Ketua DKPP, Prof. Muhammad/RMOLJatim
Ketua DKPP, Prof. Muhammad/RMOLJatim

Dewan Kehormatan Penyelenggara Pemilu (DKPP) tengah menyoroti penyelenggaraan Pemilihan Wali Kota (Pilwali) Surabaya. Dari laporan lembaga pengawas independen, tentang adanya Wali Kota Surabaya, Tri Rismaharini yang memberikan dukungan secara terang-terangan kepada salah satu Pasangan Calon (Paslon) nomer urut 1, Eri Cahyadi-Armuji.


Menanggapi hal itu, Ketua DKPP, Prof. Muhammad mengaku sudah mendengar adanya laporan tersebut. 

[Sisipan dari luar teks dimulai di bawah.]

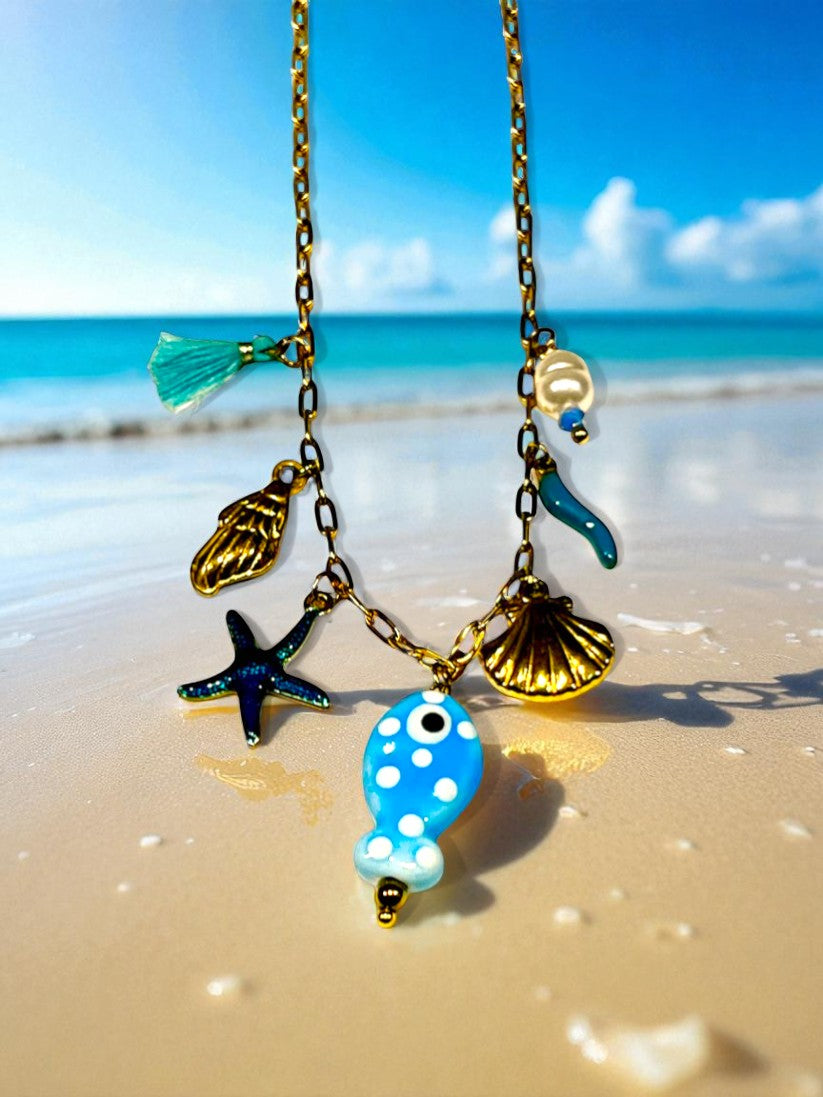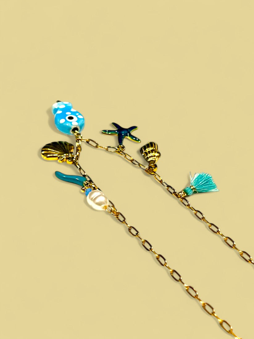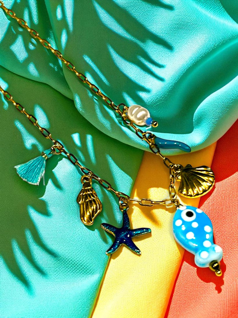 Un collar lleno de carácter y frescura, perfecto para darle un toque único a cualquier look. Este collar de acero dorado combina una serie de charms divertidos que te harán destacar. Disponible en tres colores vibrantes: rojo, naranja y azul claro. ¡Elige el que más te guste y añade un toque especial a tu estilo!

Namun saat ini pihaknya belum berani mengambil kesimpulan. Pasalnya laporan keterlibatan Tri Rismaharini secara langsung belum masuk ke mejanya.

Prof. muhammad cuma menyarankan jika Kota Surabaya menjadi barometer Jawa Timur, begitu juga Jawa Timur adalah barometer Indonesia. Jika Surabaya kondusif, maka Jatim ikut kondusif, dan Indonesia juga kondusif.

“Kalau ditanya soal ini saya belum mendalami laporannya. Ada japrian dari teman di Jakarta menyebutkan Wali kota sudah mulai seksi-seksi dan mulai mengisi panggung dalam rangka pergantian beliau sebagai Wali Kota,” kata Prof. Muhammad, dikutip Kantor Berita RMOLJatim, usai acara Ngobrol Etika Penyelenggara Pemilu dengan Media (Ngetren Media) di Surabaya, Kamis (22/10).

Namun dirinya berharap Wali Kota Surabaya Tri Rismaharini, bisa memberikan teladan sebagai pejabat negara.

Nah, sebagai seorang politisi senior, Risma dinilai sukses menjadi seorang Wali Kota Surabaya.

“Kita berharap beliau memberi suri tauladan yang baik. Kalau sebagai Wali Kota tegak lurus. Tak ke kanan dan ke kiri, sebagai wali kota dan juga kader partai harusnya ada batasannya, saya berkeyakinan Bu Risma paham akan hal tersebut,” pungkasnya.